In his first speech in two months on the outlook for the US economy, Federal Reserve chairman Ben Bernanke has signalled that the US central bank is now more worried about inflation and that rate cuts are on hold. He also said that he’s concerned about the sharp drop in the value of the dollar, which has added to inflationary pressures in the US by making imports more expensive. The impact on the market has been immediate: Fed fund futures now show a negligible probability of a rate cut at the Fed’s next meeting on 25 June and the dollar has strengthened. The markets had been increasingly coming around to the view that the US Fed had done with cutting rates after the minutes of the last Fed meeting showed the central bank was very worried about inflation, and Bernanke’s speech is a confirmation of that position.

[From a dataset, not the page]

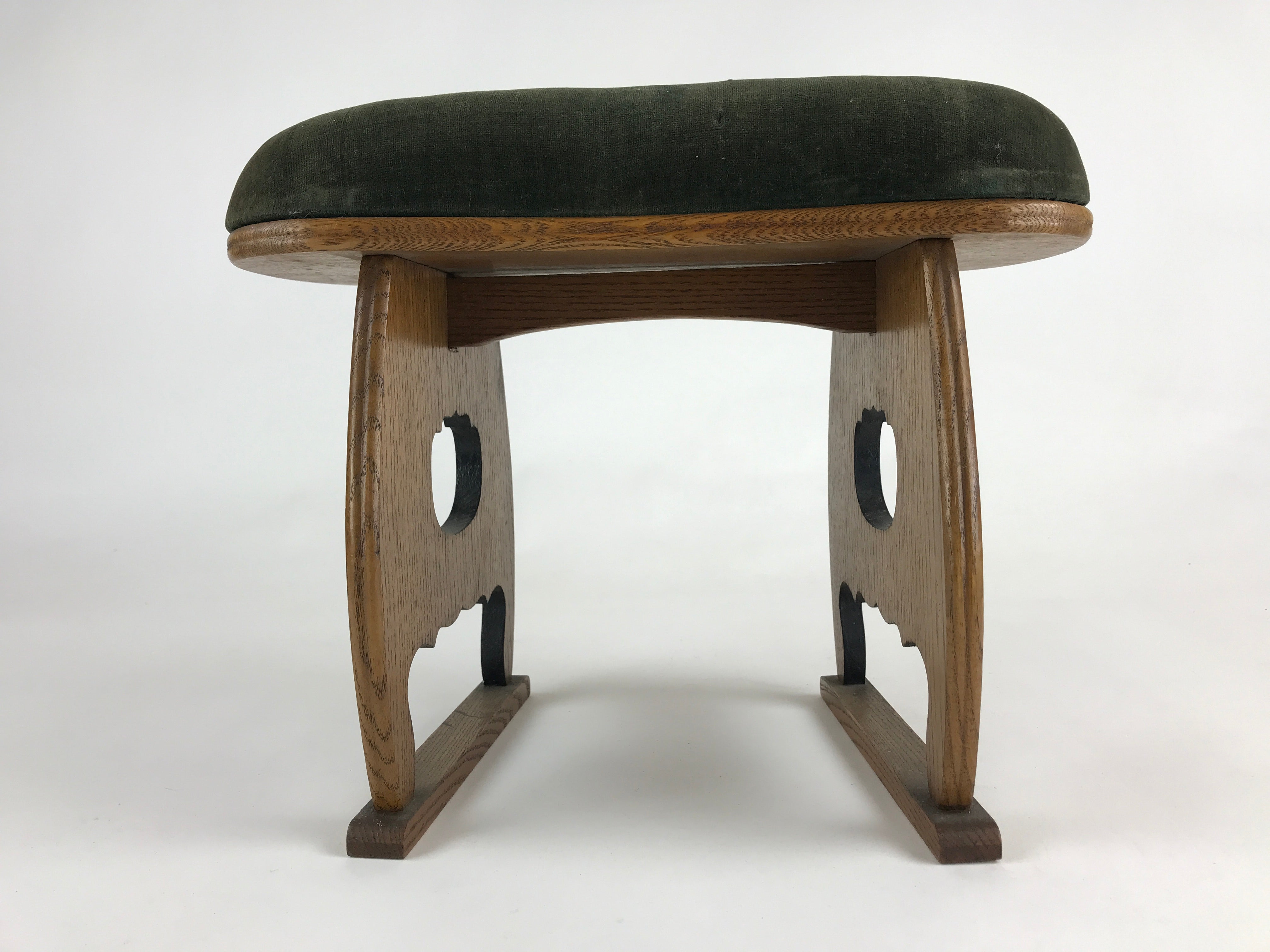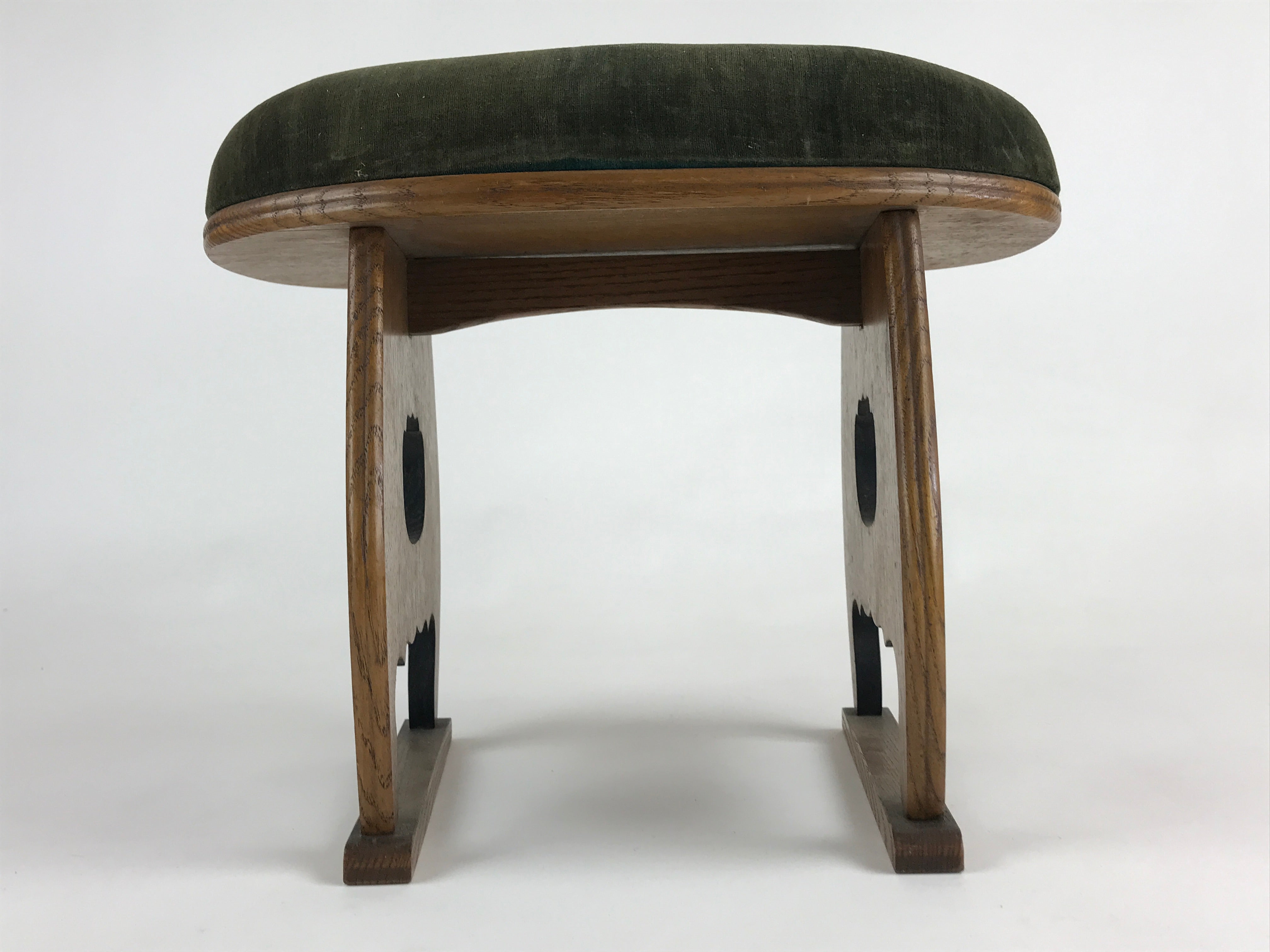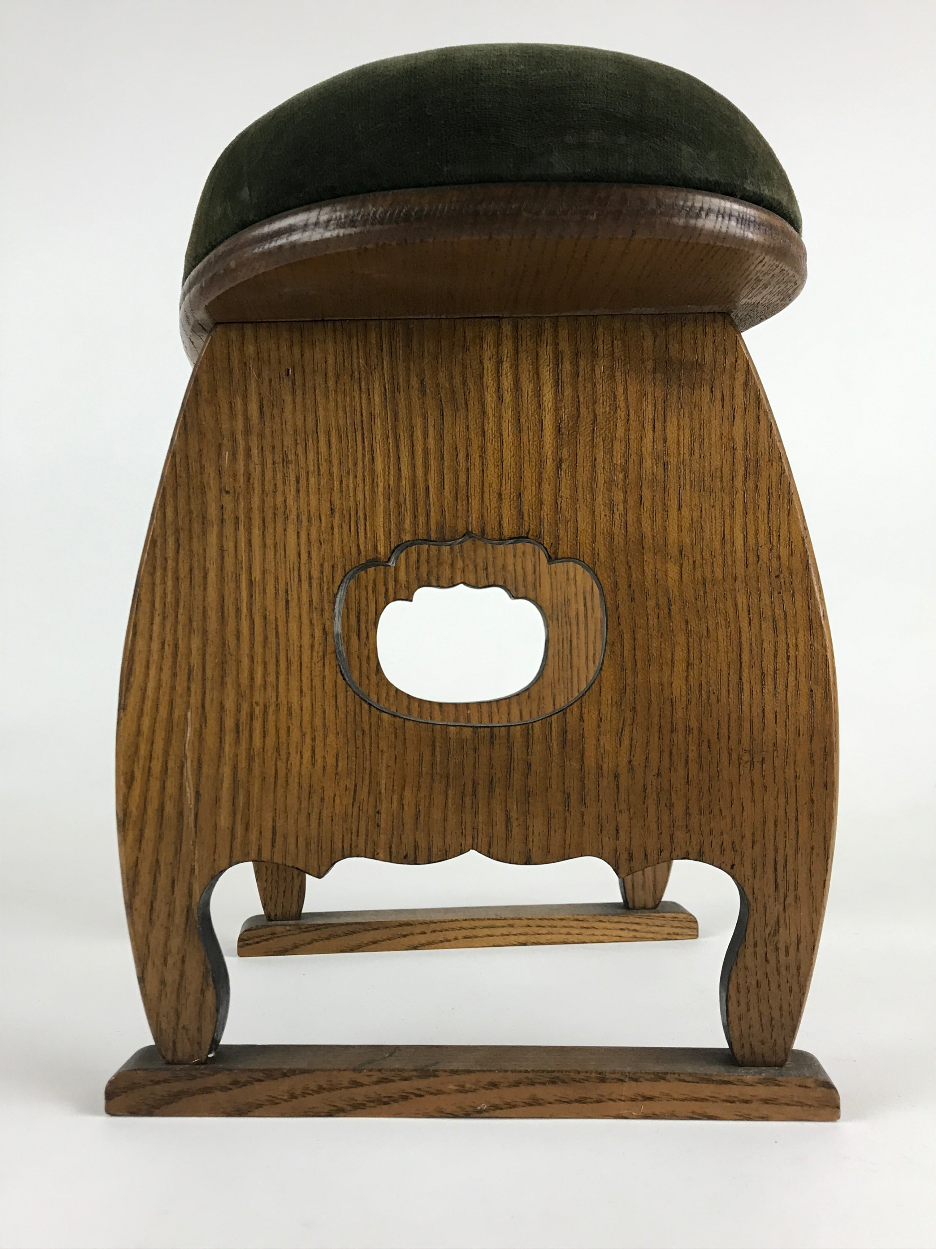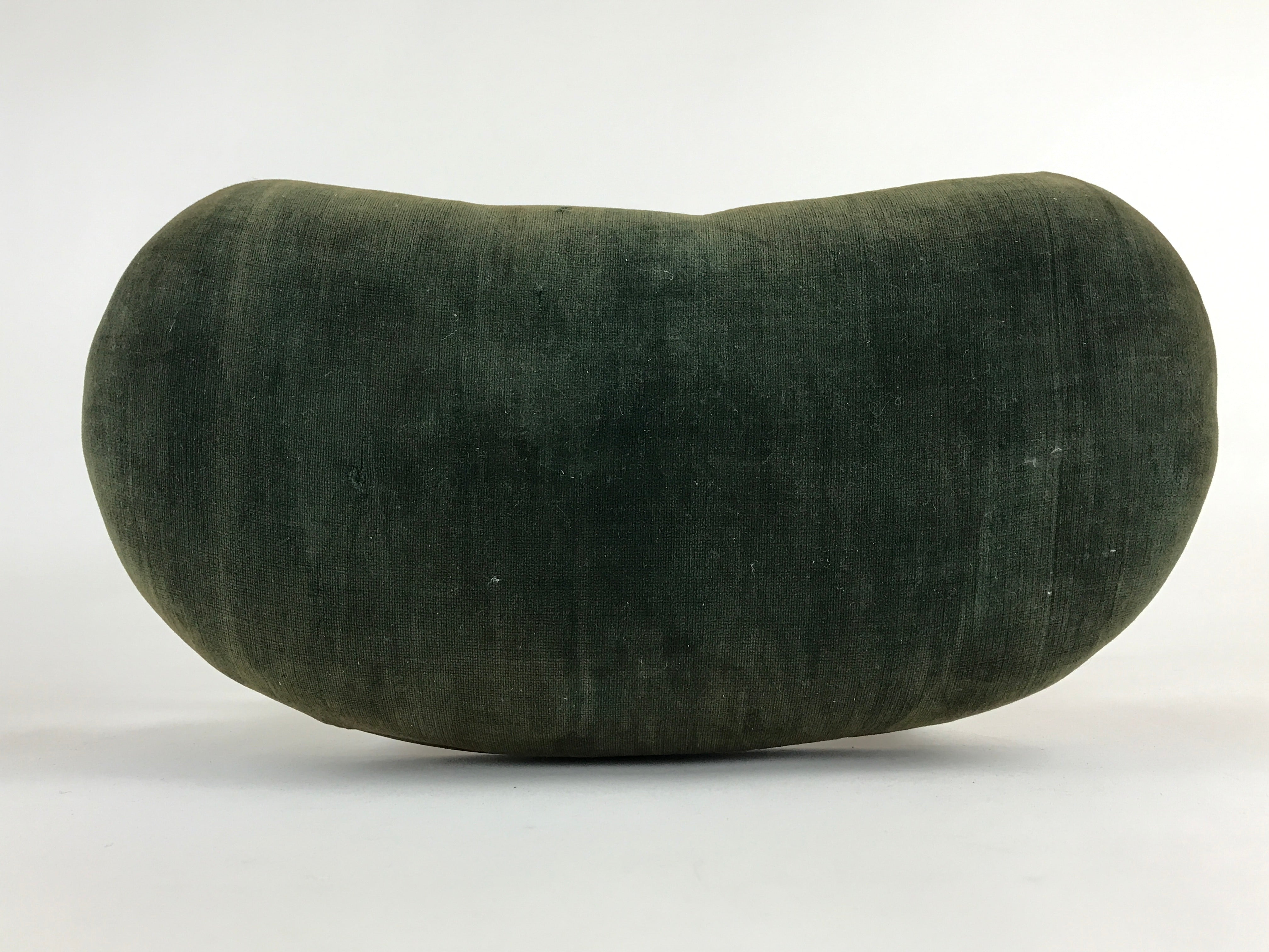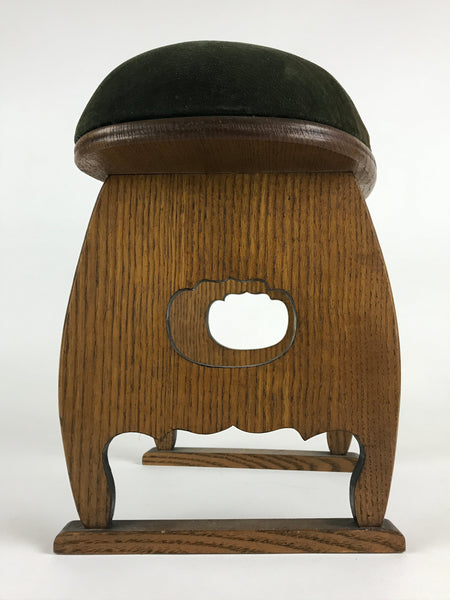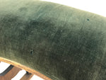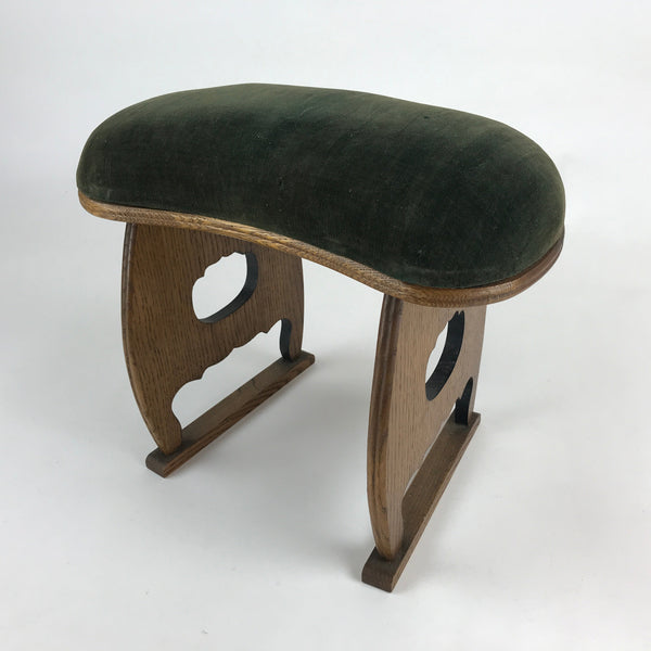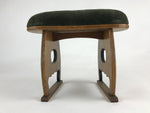 This is a vintage wooden armrest with a green cushion top. This armrest is called a Kyoosoku in Japanese. The legs are flat so that the tatami mats are not damaged.

Illustration: Jayachandran / Mint
The change of stance has several implications. It has already started taking some of the sheen off commodities, including oil, because commodities are viewed as a hedge against a falling dollar. Dollar rallies are, therefore, accompanied by lower commodity prices. That should have a salutary effect on inflation, not just in the US but across the globe. True, the balance of supply and demand in commodities will undoubtedly continue to be a potent factor, especially so far as oil prices are concerned, but at least the dollar effect on prices will be less. A stronger euro will also help the European economy, which has been groaning under the weight of its appreciating currency. On the negative side, the boost to US exports and corporate earnings that has been provided by a weaker currency may fade. Also, it is by no means certain that merely holding interest rates will be enough to provide a sustainable boost to the dollar and reduce inflation. Interest rates may, in fact, have to be raised to achieve that objective, which will have negative implications for housing markets in the US and for consumer demand. The Fed’s change of stance is, in fact, an acknowledgment of the difficult choices it faces.
India will of course be one of the chief beneficiaries if oil prices cool off. The rupee may get a boost from a lower oil import bill and the fiscal deficit may not widen as much as expected earlier. Unfortunately, however, the Indian government remains behind the curve in raising fuel prices and that will have a much greater impact on inflation than any change in the US interest rate outlook.